Playment provides annotation APIs and tools for image, video, and LiDAR tasks. If you need physical-world capture and enrichment for robotics, Claru is built for physical AI from day one.

Last updated: April 2, 2026. If anything here is inaccurate, email [email protected].

TL;DR

  • Playment provides APIs to set up annotation tasks and manage workflow automation.
  • The API supports image annotation types including bounding boxes, polygons, landmarks, 2D cuboids, and segmentation.
  • Video and sequential image tasks support bounding boxes, polygons, 2D cuboids, landmarks, and line tracking.
  • LiDAR and sensor fusion tasks include 3D cuboids, 3D-2D linking, and point-wise segmentation.
  • Playment notes trained annotators can complete tasks when you provide raw or pre-annotated data.
  • Claru is purpose-built for physical AI capture and enrichment.
  • Choose Playment for API-driven labeling workflows; choose Claru for capture + enrichment of robotics data.

What Playment Is Built For

Key differences in 60 seconds: Playment is an API-first annotation platform.
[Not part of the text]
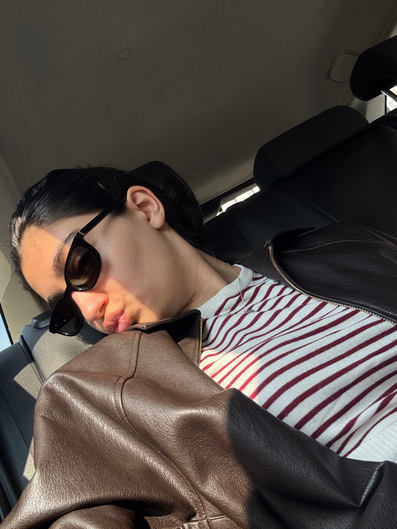 The image displays a close-up, rotated view of a person's side profile, seated inside a car. The individual is wearing a white sweater with horizontal red stripes and a textured dark brown or bronze-c…read more

Claru is a capture-and-enrichment pipeline for physical AI training data.

Playment's API documentation describes endpoints for setting up tasks, creating jobs, uploading data, and fetching results.[1]
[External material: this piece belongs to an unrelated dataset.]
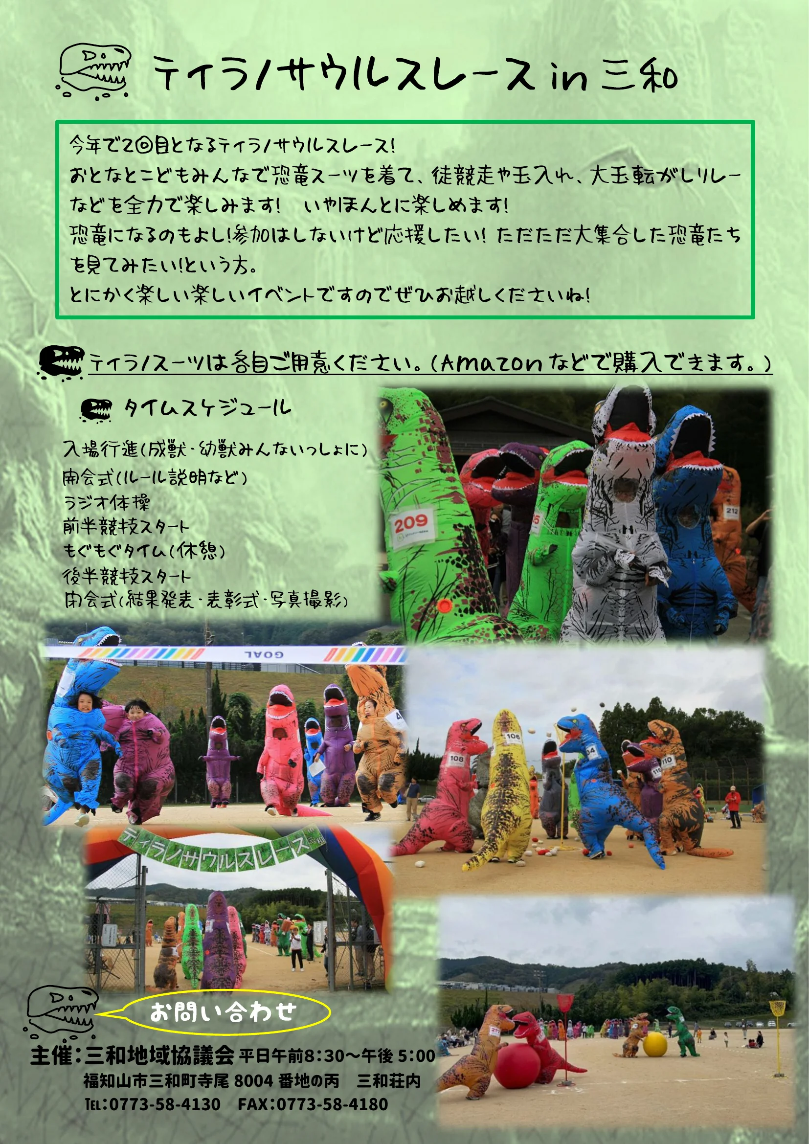 恐竜の着ぐるみを着て走る動きはとてもコミカルで、参加する人も見ている人も楽しめます。

Image annotation tasks listed include bounding boxes, polygons, landmarks, 2D cuboids, and segmentation.[2]

Video or sequential image tasks list bounding boxes, polygons, 2D cuboids, landmarks, and line tracking.[3]
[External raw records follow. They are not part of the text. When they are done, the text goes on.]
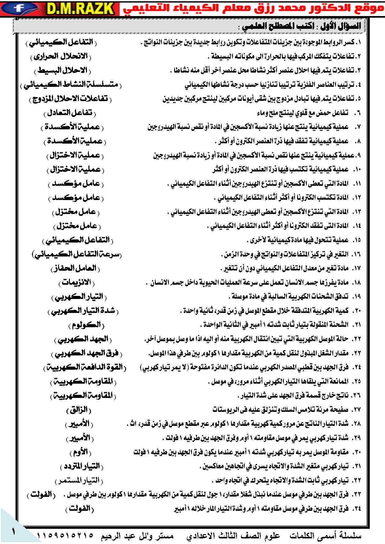 - تجميع أسئلة علوم الصف الثالث الإعدادي
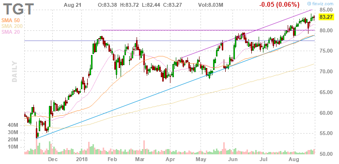 Target (TGT) reported Q2 FY 2018 earnings of $1.47 per share (versus $1.22 in Q2 FY 2017), beating analysts' consensus estimate of $1.40.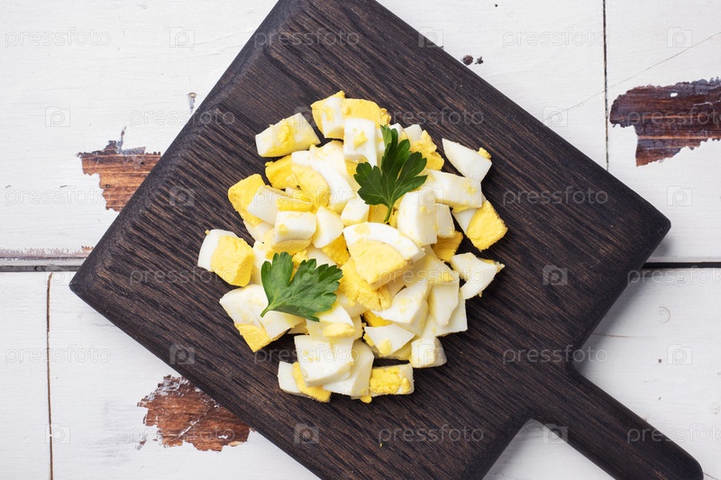 Вареное куриное яйцо мелко нарезанное на деревянной доске с листьями петрушки

LiDAR and sensor fusion workflows include 3D cuboids, 3D-2D linking, and point-wise segmentation.[4]

The docs note that trained annotators complete tasks once you provide raw or pre-annotated data.[5]

Playment originated as an annotation platform focused on autonomous driving and computer vision use cases, building API-first tooling for image, video, and LiDAR labeling. The company was acquired by Flatiron Health parent company Roper Technologies through its subsidiary Qualifacts in a move that highlighted the value of structured data annotation in regulated industries. Playment's API documentation remains publicly available and continues to serve as a reference for teams evaluating annotation workflow automation.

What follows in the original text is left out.